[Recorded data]

=== Section Start ===

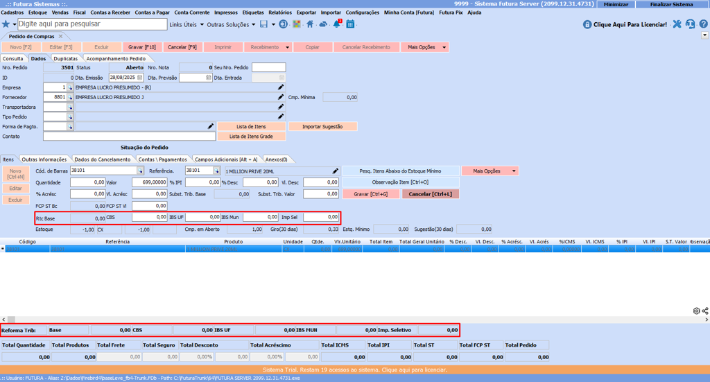 Na tela do pedido de compra foi inserido campos referente a Reforma Tributaria: RTC BASE, CBS, IBS UF, IBS MUN e IMP SEL.
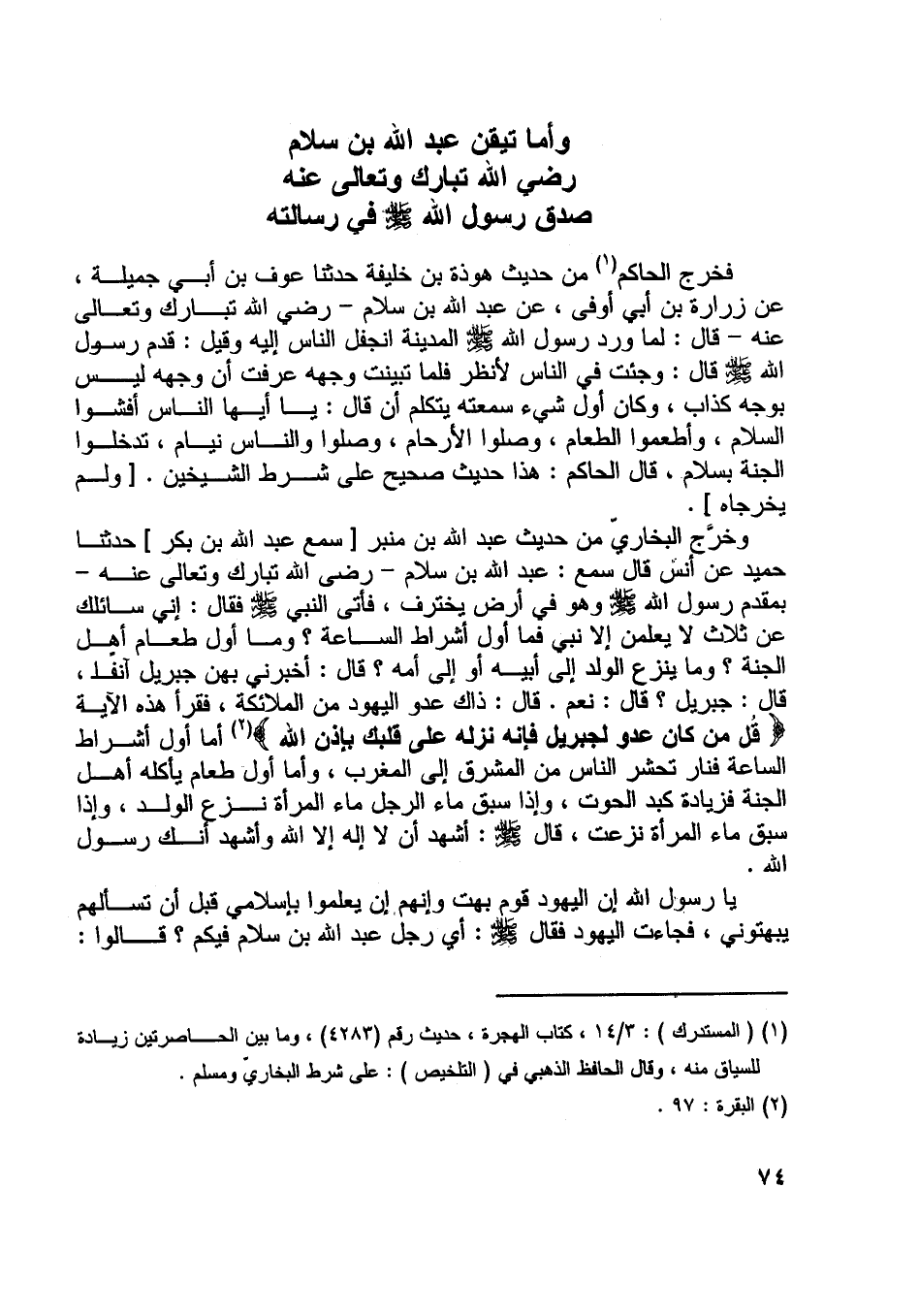 وأما تيقن عبد اللَّه بن سلام رضي اللَّه تبارك وتعالى عنه صدق رسول اللَّه صلّى اللَّه عليه وسلّم في رسالته
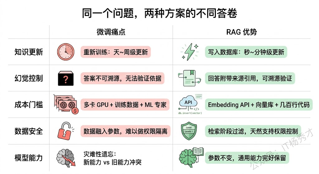 优势三:成本低、门槛低、落地快。微调需要 GPU(通常是多卡甚至集群)、需要精心整理的训练数据集、需要调超参、需要处理过拟合和灾难性遗忘等问题,对团队的 ML 能力有要求。RAG 的门槛低得多:一个 Embedding API、一个向量数据库、一个 LLM API,加上几百行代码,就能搭起一个可用的原型。这也是为什么 RAG 成为了当前 LLM 应用落地最主流的范式——它让没有深厚 ML 背景的开发团队也能快速构建知识增强的 AI 应用。
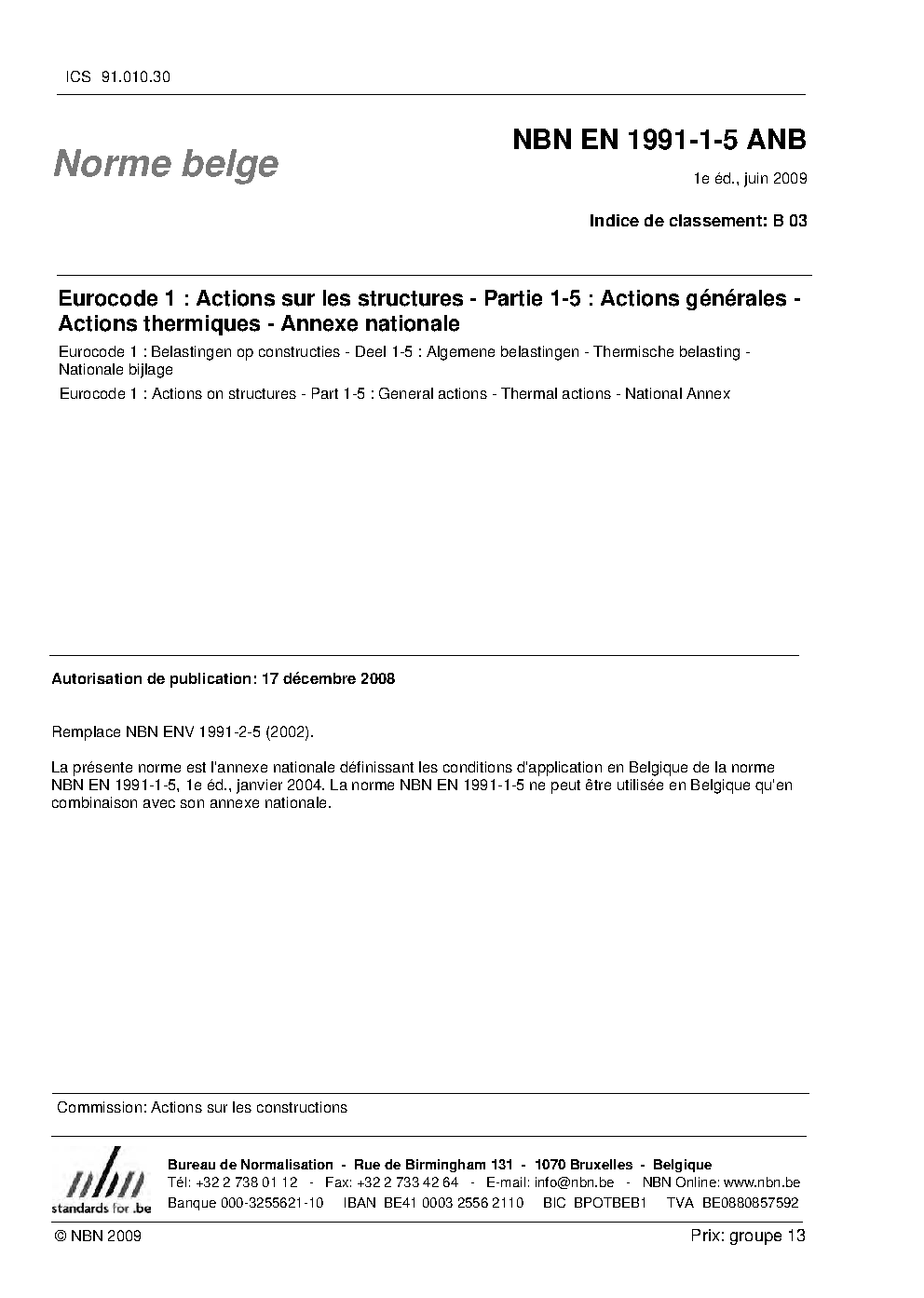 NBN EN 1991-1-5 ANB:2009
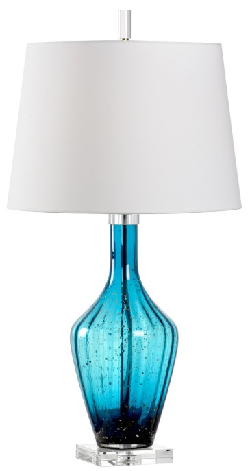 Elegant and alluring, this Beck Lamp has a blue bubble glass vase with metallic copper flecks, clear crystal mounting that will complement in any decor. Complete the look destined to make a statement that will stand out in your room.Read More
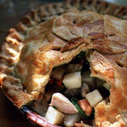 The top crust on a fruit pie, it could be argued, is something of a waste. It's just more dough, concealing the interior; open-topped tarts are both prettier to look at and lighter to the taste. The top crust of a savory pie, on the other hand, is essential: It holds in moisture and, the moment the pastry is breached, releases the aroma in a gush. That's why some French recipes call for sealing a stew pot with a layer of pastry. That's why Paul Bocuse put a pastry dome on the truffle soup he created for a banquet for the president of France. And that's why Chicken Pot Pie—first mentioned by that name in this country in 1792 (the "pot" is the deep dish it's traditionally cooked in)—is one of the great triumphs of old-fashioned American cuisine.
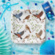Raise your space with this elegant square pattern with the Bunting birds of the Moroccan House (Emberiza sahari) perched and in flight among the green branches. The design beautifully captures the diversity of plumage and dynamic movements of this emblematic species, facing a transparent background for a versatile decor. Perfect for cushions, scarves and more, this motif celebrates the Moroccan fauna and its craft style.
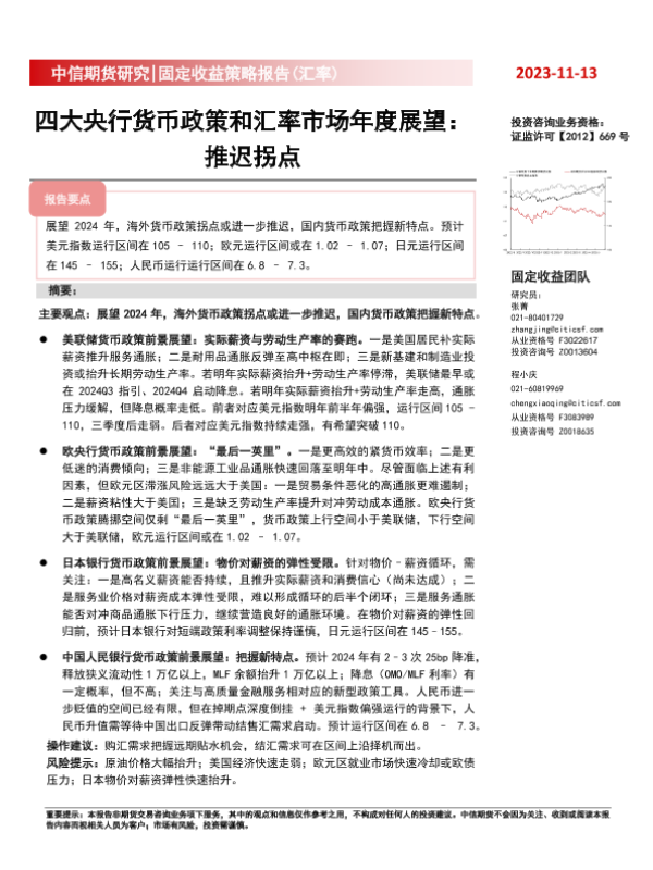 【中信期货】【20231113】固定收益策略报告(汇率):四大央行货币政策和汇率市场年度展望,推迟拐点-47页 行业研究
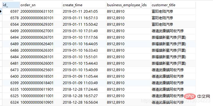SELECT t.id_,t.order_sn,t.create_time, t.business_employee_ids,cus.customer_title FROM wms_orders t LEFT JOIN wms_customer cus ON cus.id = t.buyer_id WHERE t.order_status != 100 AND t.comp_id = 8815 AND FIND_IN_SET( '8910', t.business_employee_ids ) AND t.order_status = 14 AND ( t.parent_order_sn IS NULL OR t.parent_order_sn = '' ) ORDER BY t.id_ DESC
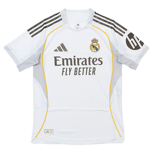 ラ・リーガ(スペイン)レアル・マドリードの2025-2026シーズンHOMEモデル オーセンティックユニフォーム(選手着用モデル)。
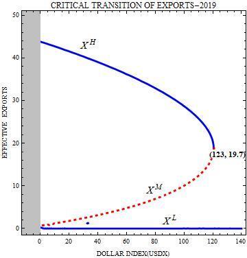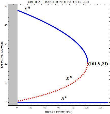 Results show that the system is highly affected by United States dollar index variation and proximity indices between the product regardless of other parametric values such as intrinsic growth rate, Carrying capacity, alee effects, and half saturation contact. The system will exhibit high resilience H x as critical transition values of the United States dollar index become larger or the proximity index become smaller than the data-based values United States dollar index and Proximity index.
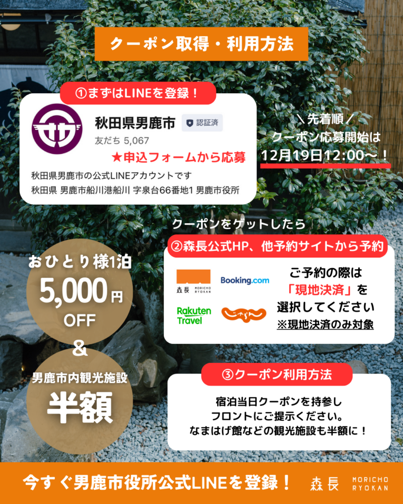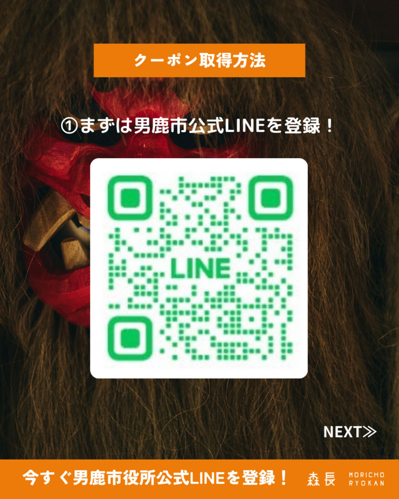 【お申込は男鹿市公式LINEから✅宿泊助成で男鹿に泊まろう👹】
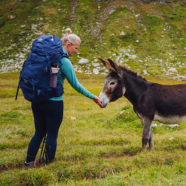 Met de wandelstokken in de aanslag beginnen we aan de afdaling, stijl en pittig. We zoeken ons een weg door diepe geulen, die door de regen ontstaan zijn. Geleidelijk loopt de afdaling over in het weidse plateau van Piano dei Canali waar we enthousiast worden begroet door een kudde muilezels. Hopend dat we iets lekkers op zak hebben zetten ze hier en daar een hapje in onze bagage. Na een aai over de kop lopen we verder richting Acquacalda, een ecologisch centrum, aan de zuidkant van de Lukmanierpas in de Valle di Blenio. Weer een beschermd gebied dat het Pro Natura Centre genoemd wordt. En we snappen meteen waarom, wanneer we door een betoverend bos van bergdennen, lariksen en verschillende moerasgebieden stappen. We zijn moe, voelen de kilometers in de benen, maar vinden in dit bos de kracht om nog even door te zetten. Nadat we de beek Brenno zijn overgestoken komen we na een lange dag eindelijk aan bij onze derde accommodatie, het Centro pro Natura Lucomagno (1750m).

=== Section End ===

Although the records hold pictures, the copy must not; give again exactly the lines from the one with "背景的开发团队也能快速构建知识增强的 AI 应用。" through the one with "Elegant and alluring, this".

• Solved problem:
 优势三:成本低、门槛低、落地快。微调需要 GPU(通常是多卡甚至集群)、需要精心整理的训练数据集、需要调超参、需要处理过拟合和灾难性遗忘等问题,对团队的 ML 能力有要求。RAG 的门槛低得多:一个 Embedding API、一个向量数据库、一个 LLM API,加上几百行代码,就能搭起一个可用的原型。这也是为什么 RAG 成为了当前 LLM 应用落地最主流的范式——它让没有深厚 ML 背景的开发团队也能快速构建知识增强的 AI 应用。
 NBN EN 1991-1-5 ANB:2009
 Elegant and alluring, this Beck Lamp has a blue bubble glass vase with metallic copper flecks, clear crystal mounting that will complement in any decor. Complete the look destined to make a statement that will stand out in your room.Read More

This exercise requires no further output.